*Material for this task*:
####

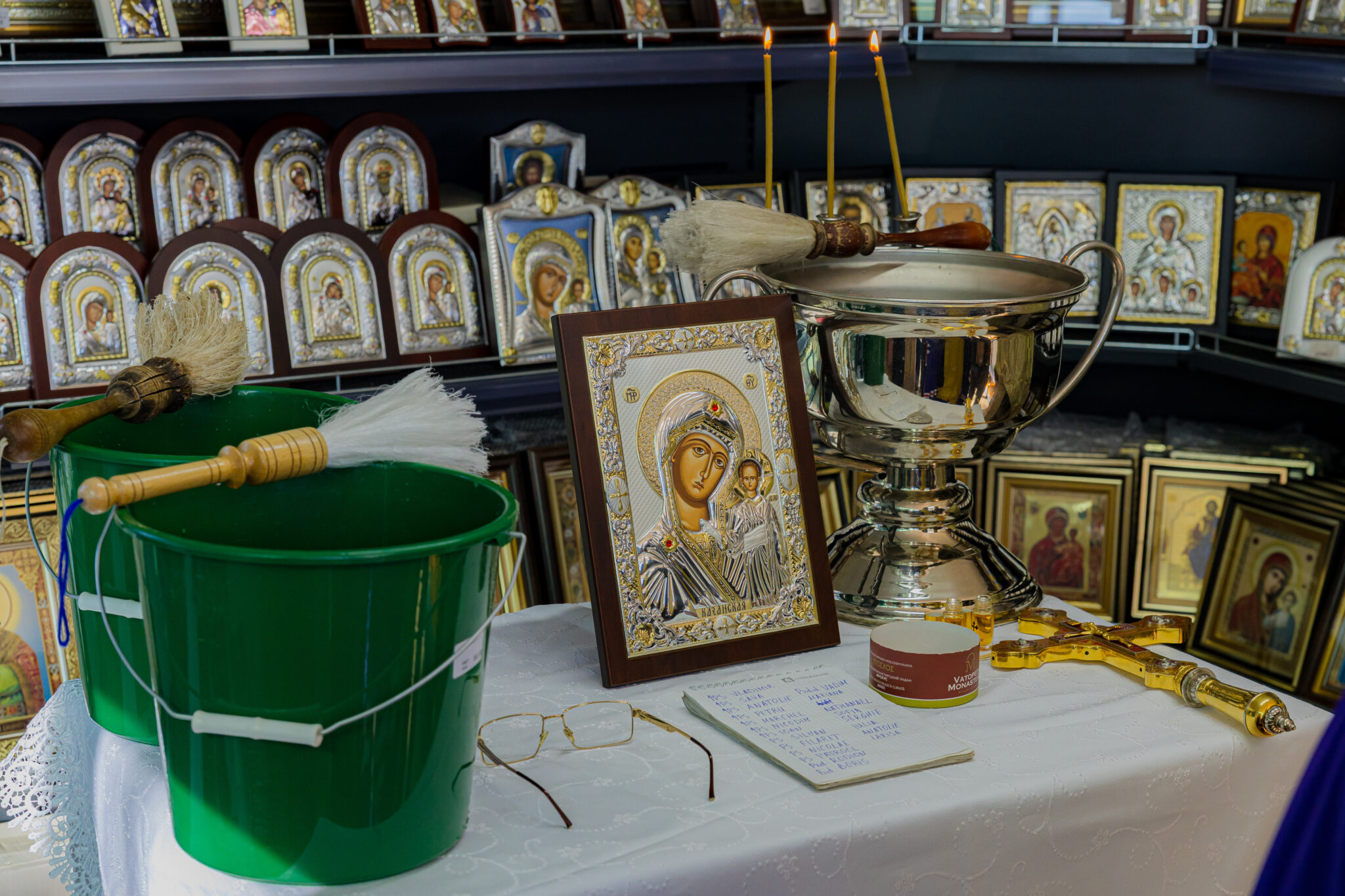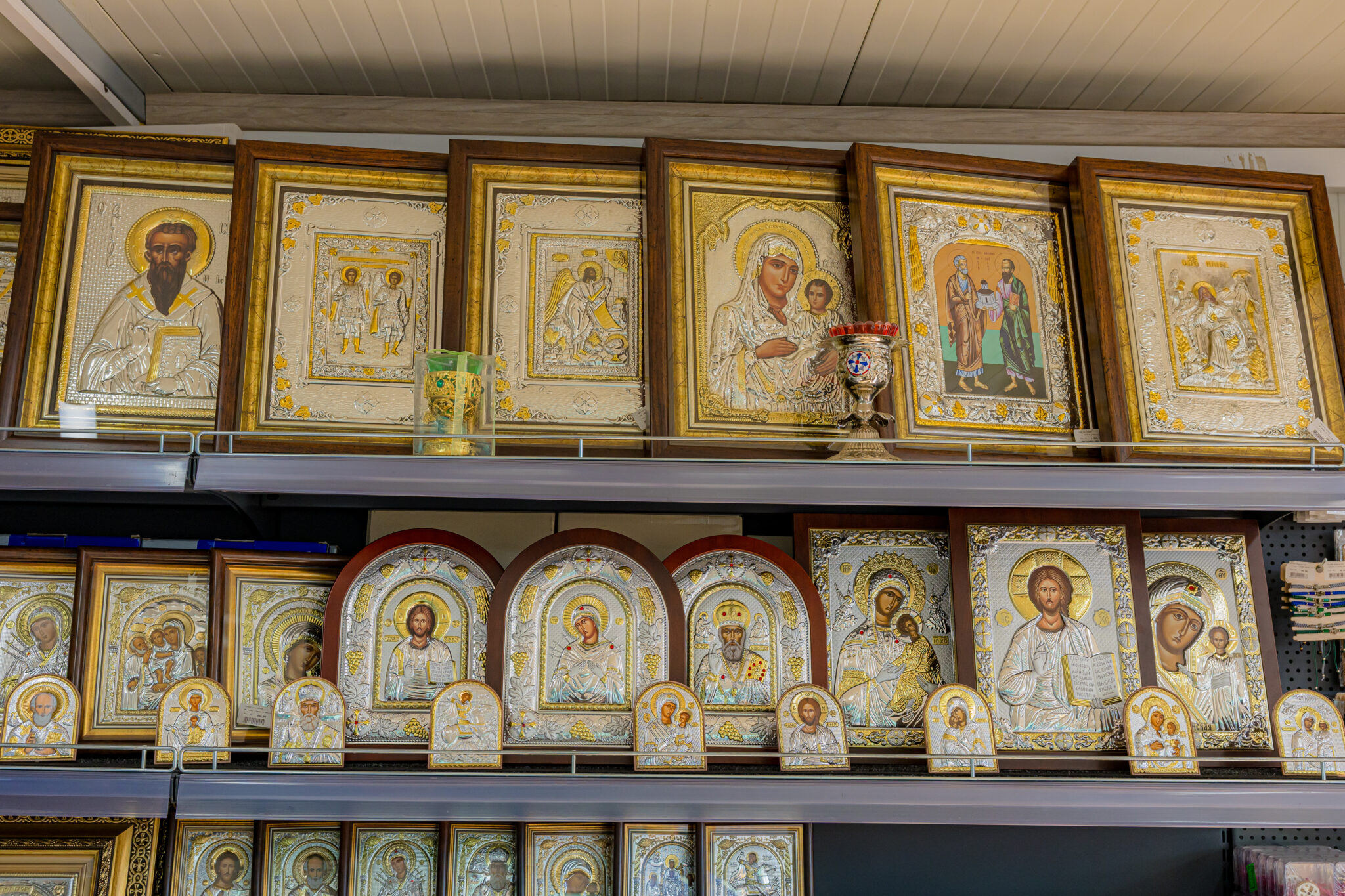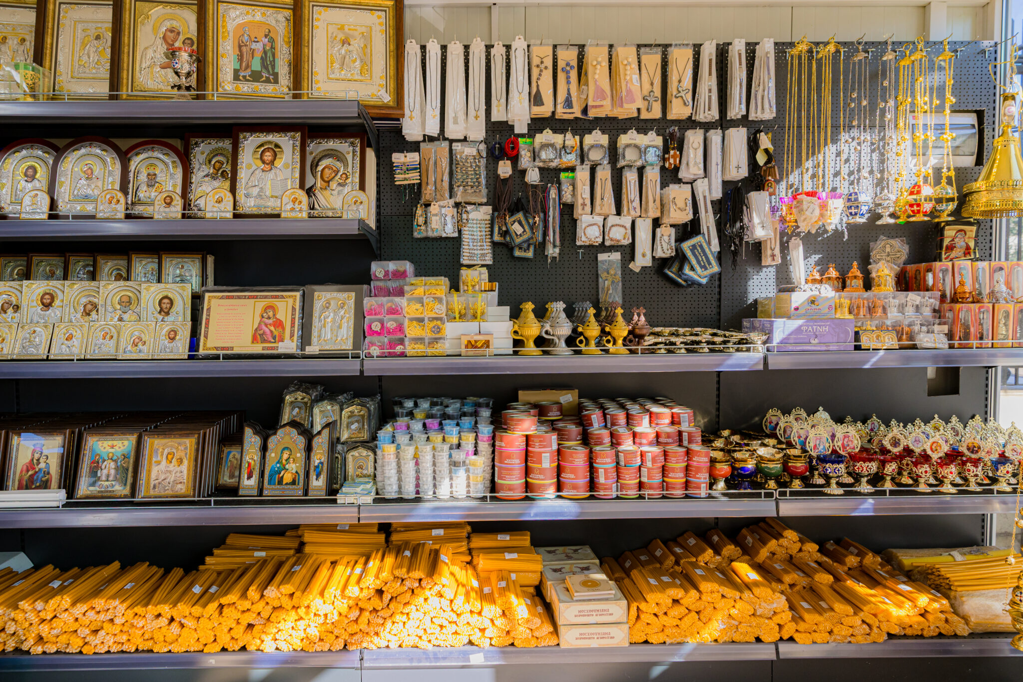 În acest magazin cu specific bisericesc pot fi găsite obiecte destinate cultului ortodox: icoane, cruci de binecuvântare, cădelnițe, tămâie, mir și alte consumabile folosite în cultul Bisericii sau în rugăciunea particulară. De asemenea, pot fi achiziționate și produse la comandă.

####

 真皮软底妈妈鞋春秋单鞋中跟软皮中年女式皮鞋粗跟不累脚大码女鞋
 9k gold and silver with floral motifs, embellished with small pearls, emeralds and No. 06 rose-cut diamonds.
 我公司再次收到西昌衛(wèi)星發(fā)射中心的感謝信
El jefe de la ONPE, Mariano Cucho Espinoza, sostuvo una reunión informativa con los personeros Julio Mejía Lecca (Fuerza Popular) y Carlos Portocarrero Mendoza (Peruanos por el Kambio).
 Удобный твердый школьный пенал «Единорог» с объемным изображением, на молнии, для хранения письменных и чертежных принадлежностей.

####

*Problem*:
In the entries above, find the line with "我公司再次收到西昌衛(wèi)星發(fā)射中心的感謝信" and the line with "Удобный твердый школьный", then restate word for word both of them and every line between, with nothing more.

*Result for this task*:
 我公司再次收到西昌衛(wèi)星發(fā)射中心的感謝信
El jefe de la ONPE, Mariano Cucho Espinoza, sostuvo una reunión informativa con los personeros Julio Mejía Lecca (Fuerza Popular) y Carlos Portocarrero Mendoza (Peruanos por el Kambio).
 Удобный твердый школьный пенал «Единорог» с объемным изображением, на молнии, для хранения письменных и чертежных принадлежностей.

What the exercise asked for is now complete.